In one embodiment, the laser module 10 (or laser source) can be a laser generator or a laser emitter, such as an ultraviolet laser, a semiconductor green laser, a near infrared laser, or a far infrared laser, and the laser beam D provided by the laser module 10 can be a laser pulse beam, etc. The optical path transmission module 20 can be an optical element, an optical lens, a light guide arm, an optical fiber, or any combination thereof, etc., and the optical lens can be a reflector, etc. The beam splitter 31 can be a multi-beam diffractive optical element (DOE), etc.

In one embodiment, the substrate 40 may be a substrate, a wafer, a test piece, etc. made of silicon carbide (SiC), gallium nitride (GaN), gallium arsenide (GaAs) or silicon (Si). For example, the substrate 40 may be a silicon carbide (SiC) substrate, a gallium nitride (GaN) substrate, a gallium arsenide (GaAs) substrate, a silicon (Si) substrate, etc. The surface 41 of the substrate 40 may be an upper surface, etc., the modified layer 42 inside the substrate 40 may be a modified region or a laser modified layer, etc., and the thin slice 43 (see FIG. 6 ) of the substrate 40 may be a substrate, a wafer or a separated portion of a test piece made of silicon carbide (SiC), gallium nitride (GaN), gallium arsenide (GaAs) or silicon (Si), for example, the thin slice 43 may be a silicon carbide (SiC) wafer, a gallium nitride (GaN) wafer, a gallium arsenide (GaAs) wafer, a silicon (Si) wafer, etc. The shape of the substrate 40 or the thin slice 43 may be circular, square, etc., and the square may be a rectangle or a square.

In one embodiment, the rotation module 50 may be a rotation driver, a rotation mechanism, etc. The transfer module 60 may be a moving platform, a moving part, or a movable carrying platform, a carrying part, etc., and the moving platform may be a precision moving platform, a three-axis moving platform (such as an XYZ three-axis moving platform), etc. The control module 70 may be a controller (such as a microcontroller), a processor (such as a microprocessor, a central processing unit), a computer, a server (such as a central, remote, cloud, network server), a control circuit and software (control program), etc.
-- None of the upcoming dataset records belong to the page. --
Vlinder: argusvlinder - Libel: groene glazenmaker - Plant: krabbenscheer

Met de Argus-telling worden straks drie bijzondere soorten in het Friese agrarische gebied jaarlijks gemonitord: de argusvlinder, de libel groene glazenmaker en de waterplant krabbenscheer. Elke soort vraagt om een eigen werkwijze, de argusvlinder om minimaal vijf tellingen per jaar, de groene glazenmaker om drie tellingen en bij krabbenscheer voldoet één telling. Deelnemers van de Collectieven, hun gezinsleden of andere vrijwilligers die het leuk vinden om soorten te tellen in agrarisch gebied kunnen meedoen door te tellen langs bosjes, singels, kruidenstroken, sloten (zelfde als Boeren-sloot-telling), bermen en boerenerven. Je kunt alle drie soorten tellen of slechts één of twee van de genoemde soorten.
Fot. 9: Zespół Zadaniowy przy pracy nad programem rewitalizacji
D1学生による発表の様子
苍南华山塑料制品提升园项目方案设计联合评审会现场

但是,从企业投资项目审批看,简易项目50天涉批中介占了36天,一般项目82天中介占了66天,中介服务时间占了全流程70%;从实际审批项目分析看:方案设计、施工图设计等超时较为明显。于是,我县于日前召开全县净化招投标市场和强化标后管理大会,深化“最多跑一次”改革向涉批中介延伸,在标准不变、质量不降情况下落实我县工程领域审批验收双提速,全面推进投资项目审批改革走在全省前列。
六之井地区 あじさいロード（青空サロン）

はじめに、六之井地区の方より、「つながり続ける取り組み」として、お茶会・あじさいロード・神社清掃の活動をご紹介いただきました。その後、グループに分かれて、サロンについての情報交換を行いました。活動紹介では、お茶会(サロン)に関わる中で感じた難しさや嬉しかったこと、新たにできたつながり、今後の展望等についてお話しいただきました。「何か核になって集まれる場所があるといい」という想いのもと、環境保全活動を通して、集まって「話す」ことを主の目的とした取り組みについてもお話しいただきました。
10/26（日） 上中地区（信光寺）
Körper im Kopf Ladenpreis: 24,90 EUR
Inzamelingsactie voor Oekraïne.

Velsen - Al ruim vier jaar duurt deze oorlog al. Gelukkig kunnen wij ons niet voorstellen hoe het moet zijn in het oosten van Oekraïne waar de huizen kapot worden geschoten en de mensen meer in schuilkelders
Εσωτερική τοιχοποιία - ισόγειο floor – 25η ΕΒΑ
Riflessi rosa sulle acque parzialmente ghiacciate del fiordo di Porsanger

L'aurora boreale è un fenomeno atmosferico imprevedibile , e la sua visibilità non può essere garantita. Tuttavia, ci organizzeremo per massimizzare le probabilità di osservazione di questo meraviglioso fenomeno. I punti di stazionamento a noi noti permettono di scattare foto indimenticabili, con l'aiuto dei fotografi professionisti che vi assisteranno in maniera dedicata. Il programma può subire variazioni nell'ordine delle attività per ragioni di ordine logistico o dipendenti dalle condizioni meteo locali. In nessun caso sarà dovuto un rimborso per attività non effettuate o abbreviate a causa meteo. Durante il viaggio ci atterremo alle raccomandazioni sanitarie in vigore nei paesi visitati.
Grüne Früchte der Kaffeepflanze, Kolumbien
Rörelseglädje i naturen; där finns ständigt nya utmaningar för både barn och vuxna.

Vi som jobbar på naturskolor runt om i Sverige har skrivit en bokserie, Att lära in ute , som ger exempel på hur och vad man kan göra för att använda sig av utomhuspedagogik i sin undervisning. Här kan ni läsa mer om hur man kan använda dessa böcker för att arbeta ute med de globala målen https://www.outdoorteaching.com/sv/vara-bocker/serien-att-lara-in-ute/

The guide wire G1 can be a laser guide wire, etc., and the modified wire H1 can be a laser modified wire, etc. The above-mentioned guide wire G1 and modified wire H1 are formed during the modification process on the substrate 40. The processing conditions for their formation, such as power, frequency, feed speed, etc., can be the same or different, and the present invention is not limited thereto.
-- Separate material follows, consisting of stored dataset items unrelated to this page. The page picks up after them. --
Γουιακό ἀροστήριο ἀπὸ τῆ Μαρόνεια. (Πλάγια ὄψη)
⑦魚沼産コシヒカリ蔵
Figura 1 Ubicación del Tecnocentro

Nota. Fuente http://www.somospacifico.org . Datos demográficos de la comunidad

In one embodiment, the term "at least one" in the present invention means more than one (such as one, two or three), and "plurality" means more than two (such as two, three, four, five, ten or one hundred). However, the present invention is not limited to the embodiments mentioned.

As shown in step S1 of FIG. 2A , FIG. 3A and FIG. 4 , a laser module 10 provides a laser beam D, and a beam splitter 31 of a focusing lens assembly 30 splits the laser beam D provided by the laser module 10 into a plurality of focused laser beams F, and then the plurality of focused laser beams F split by the beam splitter 31 of the focusing lens assembly 30 are used to form a plurality of guide lines G1 having a first laser modified crack G2 at a plurality of different positions of a modified layer 42 of a predetermined depth inside the substrate 40, until the plurality of guide lines G1 cover the entire surface of the modified layer 42. If the focusing lens assembly 30 does not have the beam splitter 31, for example, the rotating lens assembly 50 may be inactive or removed, and the modification process may be performed with only a single focused laser beam F, which is not limited by the present invention.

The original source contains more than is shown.